No need to reinvent the wheel

The owner of Rugby Fitted Kitchens Trevor Scott questions fellow designer Rob Mascari’s claim that retailers should charge for their services rather than their products

One short month after taking a gentle pop at Rob Mascari in my ‘Look to the Future’ piece for the kbbreview show special, I find I’m doing so again. Sorry, Rob, nothing personal.

Having had the luxury of reading Rob’s ‘Sell your services, not your products’ piece, along with the responses from the likes of Jim Geddes and Darren Taylor, I find it that much easier to respond, as many of my views on this subject are shared by these gentlemen.

The question I’ve asked myself is – am I a businessman, a salesman or a kitchen designer? Well, the answer, of course, is all three and more besides. And what name do I give to this skill set? Kitchen specialist.

I am a kitchen specialist. Once upon a time, I was a one-man band. But today, I’ve built up a multi-outlet business and employ a team of highly-skilled individuals who all bring something different, but equally important, to the table.

Some of the designers do just that – design. They support the sales designers, who also interact with the client and take the order. The designers shadow these more experienced staff and learn from them as they aspire to become fully-fledged sales designers themselves.

Rob would suggest that these designers should be billing clients for their time spent on each project and that this should happen from the very start of the process.

I can hear the conversation now: “Hello, are you looking for a new kitchen? You are, fantastic. Now if you could just swipe your credit card here and we’ll begin. Hold on, where are you going…?” Cue sound of showroom door slamming.

Rob’s somewhat Utopian dream is just that – a dream. In the real world, kitchen specialists have to sell their services as well as the products they supply. If the consumer doesn’t like the sales message, then they simply vote with their feet and make their purchase from a competitor.

It is the keen edge of competition that keeps us sharp and stops us from becoming complacent. Never stop looking for ways to improve your business model and ensure that it is the competitor’s door you hear slamming shut behind a lost sale and not yours.

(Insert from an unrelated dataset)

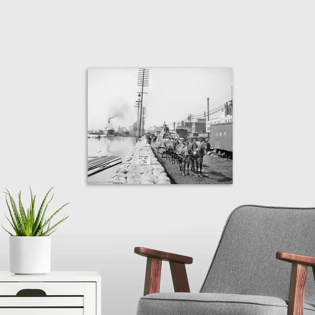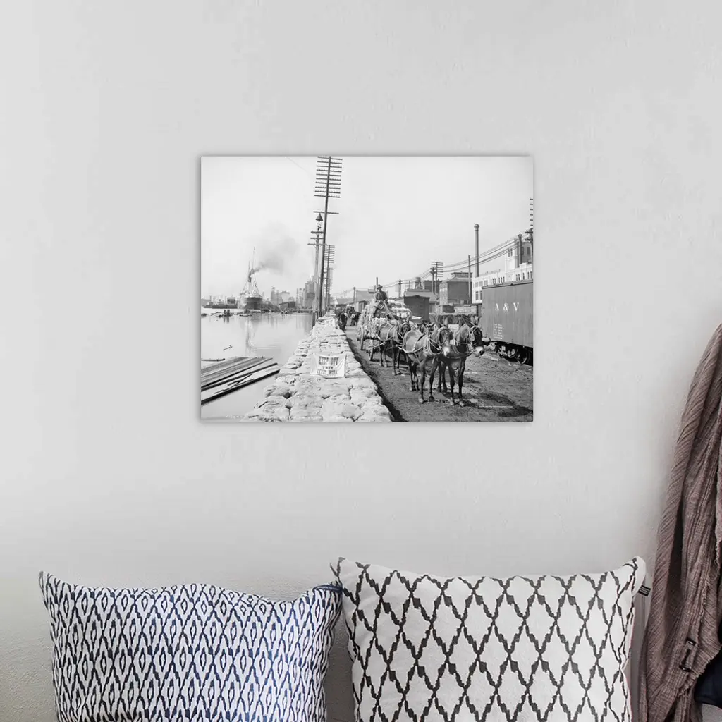 New Orleans, Mule Team. A Mule Team Pulling A Cartload Of Baled Cotton On the Levee In New Orleans, Louisiana. Photographed C1903.

So how do we put a price on design, and all the other costs and thus ensure our business is profitable? Well Rob, it’s called margin.

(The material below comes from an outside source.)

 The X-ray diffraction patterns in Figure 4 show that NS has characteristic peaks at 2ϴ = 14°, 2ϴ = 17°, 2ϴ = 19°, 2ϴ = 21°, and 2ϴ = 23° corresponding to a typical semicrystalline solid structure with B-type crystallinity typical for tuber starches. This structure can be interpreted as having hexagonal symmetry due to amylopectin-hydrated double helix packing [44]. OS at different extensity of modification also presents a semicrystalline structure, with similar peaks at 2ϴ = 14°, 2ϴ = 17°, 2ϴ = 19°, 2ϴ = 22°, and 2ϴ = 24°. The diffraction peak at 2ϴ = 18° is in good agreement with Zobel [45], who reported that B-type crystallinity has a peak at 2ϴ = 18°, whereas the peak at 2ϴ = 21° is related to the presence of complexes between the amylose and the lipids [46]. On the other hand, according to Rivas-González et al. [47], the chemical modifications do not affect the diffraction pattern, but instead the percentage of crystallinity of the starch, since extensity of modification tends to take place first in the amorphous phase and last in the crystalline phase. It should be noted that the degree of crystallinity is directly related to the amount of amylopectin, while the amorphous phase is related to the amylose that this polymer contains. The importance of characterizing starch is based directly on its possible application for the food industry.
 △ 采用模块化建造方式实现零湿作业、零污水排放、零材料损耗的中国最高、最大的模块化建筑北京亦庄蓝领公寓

We don’t need to reinvent the wheel here. Decide what part of the market you are comfortable operating in and what kind of price point that market is happy to pay. Source appropriate products that you can make a margin on, chuck in a percentage for overheads, do the maths and hey presto – that’s your selling price.

That margin will allow for the loss of some jobs. After all, in the real world, we all know you can’t expect to win every job. The clever bit is securing more jobs than you lose.

As a kitchen specialist, I see no shame in making profit on the goods we sell – that is our purpose in life. The designers don’t think they are more important than any other member of the team. They’re not looking down on us mere mortals in the rest of the business from some imaginary ivory tower, because they are a part of the team.

Julie Carlson, one of the founders of the design website Remodelista, has been quoted as saying “the average kitchen remodel requires 2,500 decisions.” As kitchen specialists, it is our job to help guide our clients smoothly through this hefty decision-making process, so that in the end – and not the beginning – they are more than happy to pay us for the privilege of supplying and installing their new kitchen.